Templated friend classes

R

Ralf Goertz

Hi,

while I was redesigning some of my programs to have them resemble cool
C++ code my compiler gave me a hard time. For instance, I use a
templated base class and two derived classes. These need to know about
each others private internals so that I decided to make them friends of
each other. But in order to do that I need a forward declaration of one
of the classes. I couldn't find out how to do that correctly. The code
below doesn't compile, g++ says "error: template argument required for
'struct Derived2'". But if I do it like in (**) it says "error:
'Derived2' is not a template". I tried almost all word permutations of

friend template class Derived2<T>

for line (*) but I had no success. So I ended up making both classes
public which is bad. What is the correct way of doing this?

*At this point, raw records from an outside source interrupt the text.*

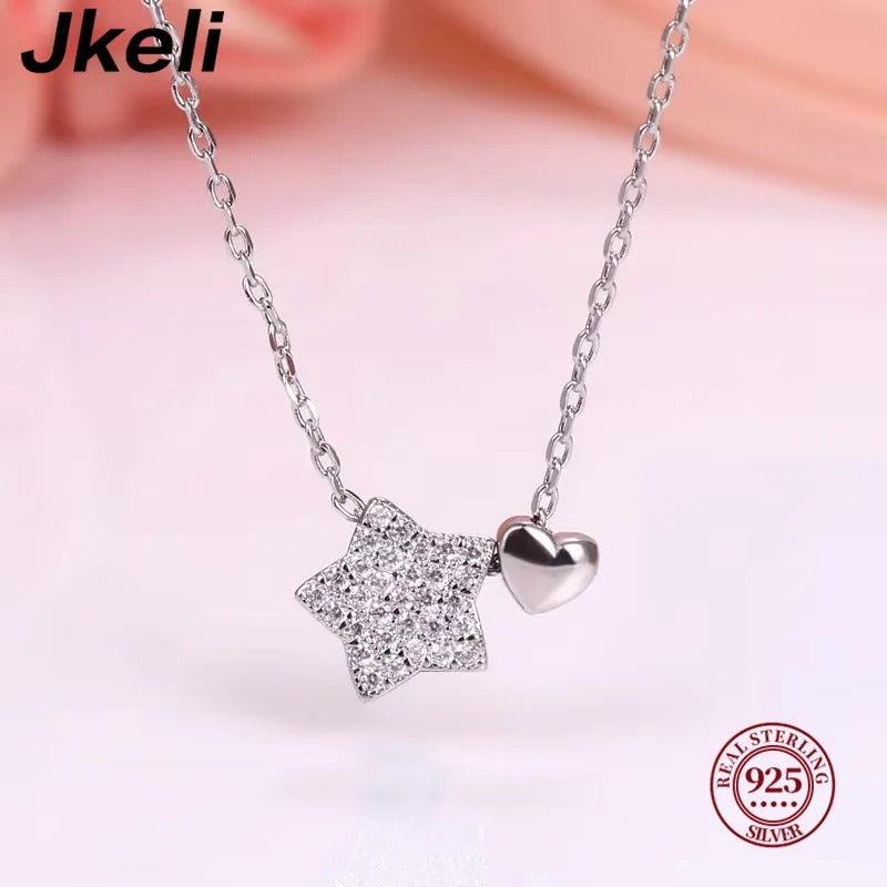 925 Sterling Silver Necklace Sweet Star Heart Pendant 18k Necklace For Women Wedding Statement Fine Jewelry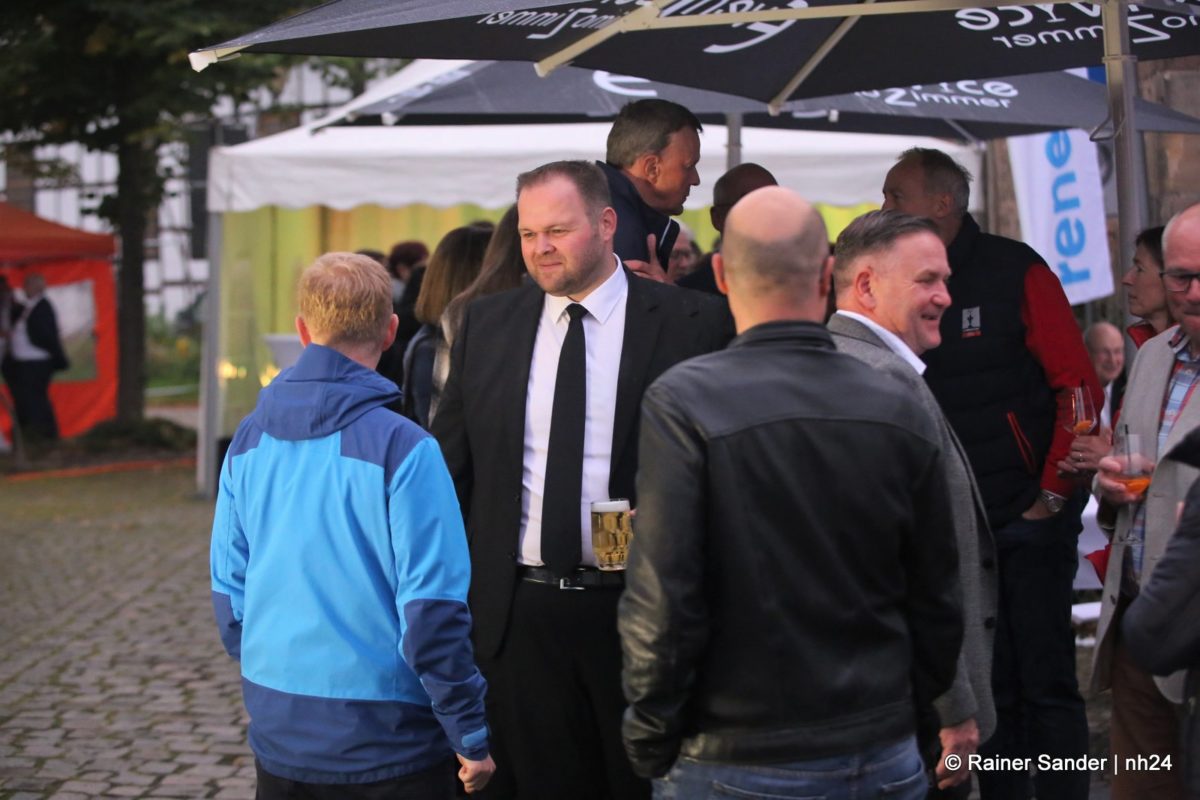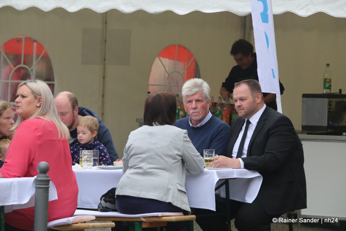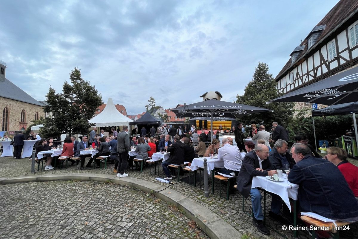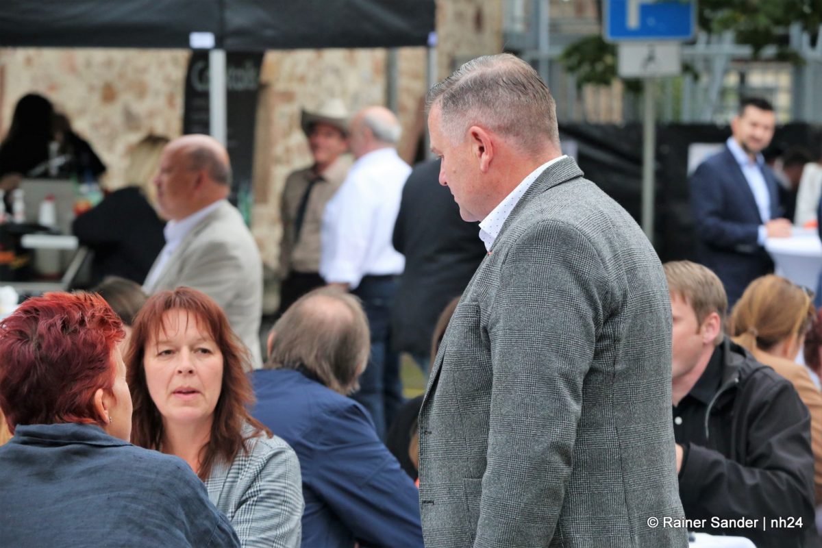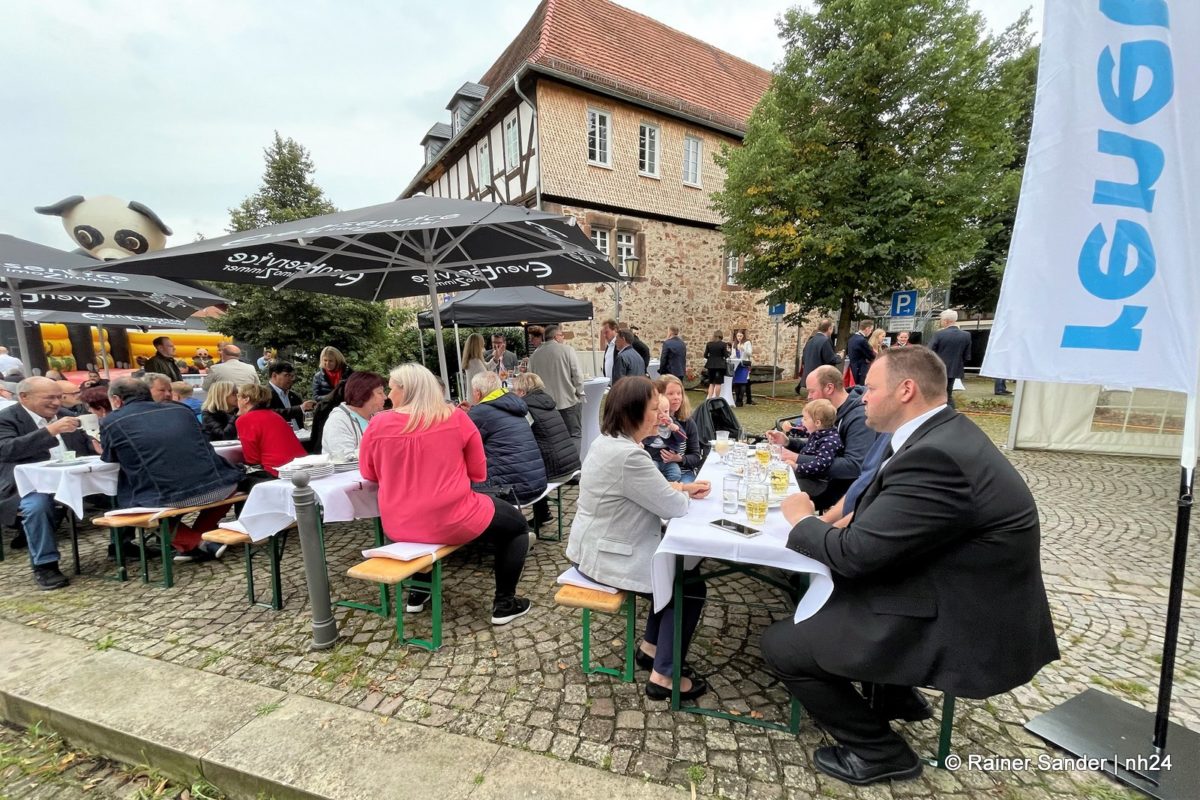 Die – unter Corona-Bedingungen – geladenen Gäste spiegelten einen Querschnitt der Region wider. Kreishandwerksmeister Michel, Sparkassen-Direktor Bechtel, Vertreter von Vereinen und Verbänden, Interessensgemeinschaften, Unternehmen oder Gewerkschaften, sie alle waren der Einladung zu Renew Europe ganz offensichtlich gerne gefolgt. Bei leckerem Essen aus heimisch-schwälmer Produktion und Tradition zeigte sich die Reformationsstadt als europäisches Zugpferd. Passend dazu mischten sich „Soldaten“ in historischen Uniformen unter die Gästeschar.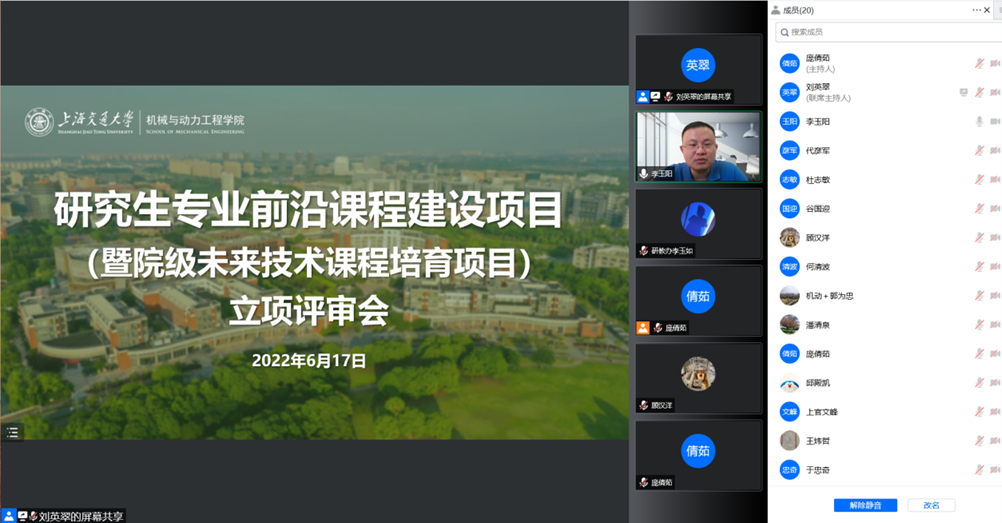 6月17日,學(xué)院舉行研究生專業(yè)前沿課程建設(shè)項(xiàng)目(暨院級(jí)未來(lái)技術(shù)課程培育項(xiàng)目)立項(xiàng)評(píng)審會(huì)。學(xué)院副院長(zhǎng)李玉陽(yáng),機(jī)械工程及自動(dòng)化系主任朱利民、動(dòng)力與能源工程系系主任代彥軍、核科學(xué)與工程學(xué)院院長(zhǎng)顧漢洋,研究生教學(xué)督導(dǎo)組組長(zhǎng)上官文峰、副組長(zhǎng)郭為忠,以及14位課程負(fù)責(zé)老師參與評(píng)審會(huì)。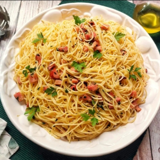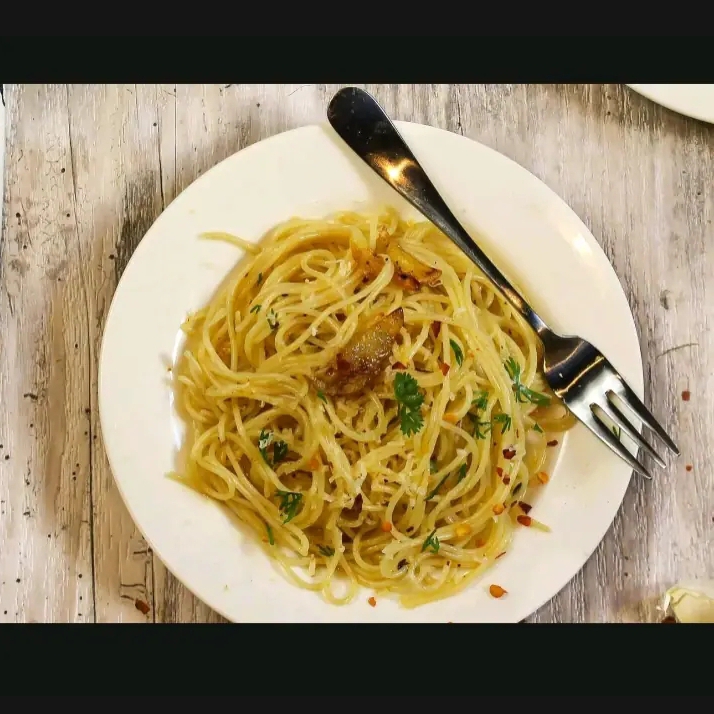 Delicioso espaguete, temperado no azeite, alho, sal , pimenta do reino e finalizado com cebolinha. Prato ideal para quem gosta do básico.

template <class ID_TYPE> class Base
{
ID_TYPE id;
};

template <class T> class Derived1: public Base<T>
{
friend class Derived2; // (*)
};

template <class T> class Derived2: public Base<T>
{
friend class Derived1<T>; (**)
};

int main()
{
Derived1<int> d1;
return 0;
}
 
K

kwikius

Ralf said:
Hi,

while I was redesigning some of my programs to have them resemble cool
C++ code my compiler gave me a hard time. For instance, I use a
templated base class and two derived classes. These need to know about
each others private internals so that I decided to make them friends of
each other. But in order to do that I need a forward declaration of one
of the classes. I couldn't find out how to do that correctly. The code
below doesn't compile, g++ says "error: template argument required for
'struct Derived2'". But if I do it like in (**) it says "error:
'Derived2' is not a template". I tried almost all word permutations of

friends and templates are weird.

Anyone following works in VC8 and IIRC gcc4. But I think there are
issues e.g different namespace that can screw things up in gcc ans
sometimes VC and gcc dont agree on syntax


template <class T > class Derived;

template <class ID_TYPE> class Base
{
ID_TYPE id;

private:
friend class Derived<ID_TYPE>;
int dummy;
};

template <class T> class Derived: public Base<T>
{
// (*)
// check it allows access
public:
Derived(){ Base<T>::dummy = 1;}
};



int main()
{
Derived<int> d1;
return 0;
}
 
R

Ralf Goertz

Victor said:
I would hope that the syntax

template<class T> class Derived1: public Base<T>
{
...
template<> friend class Derived2<T>;
};

or

template<class T> class Derived1: public Base<T>
{
...
template friend class Derived2<T>;
};

would work, but IIRC they don't.

Yes, you're right, they don't. At least not with my compiler. Is there a
reason for this? I also tried to use a forward declaration of Derived2
before the definition of Derived1 but obviously, those declaration
aren't allowed for templated classes, either. Again, I don't see why. If
a non-templated class is used in a forward definition, the compiler also
doesn't know what types are in that class.

Ralf
 
R

Ralf Goertz

kwikius said:
template <class T > class Derived;

Ah, that's the trick. I thought I'd need to specify that Derived2 is
derived from "Base".

Thanks,

Ralf
 
R

Ralf Goertz

Ralf Goertz wrote:

I also tried to use a forward declaration of Derived2 before the
definition of Derived1 but obviously, those declaration aren't allowed
for templated classes, either.

That's nonsense. I didn't do it right (I added the ": public Base<T>"
part to the forwarding declaration). Sorry for the noise.

Ralf
 

Ask a Question

Want to reply to this thread or ask your own question?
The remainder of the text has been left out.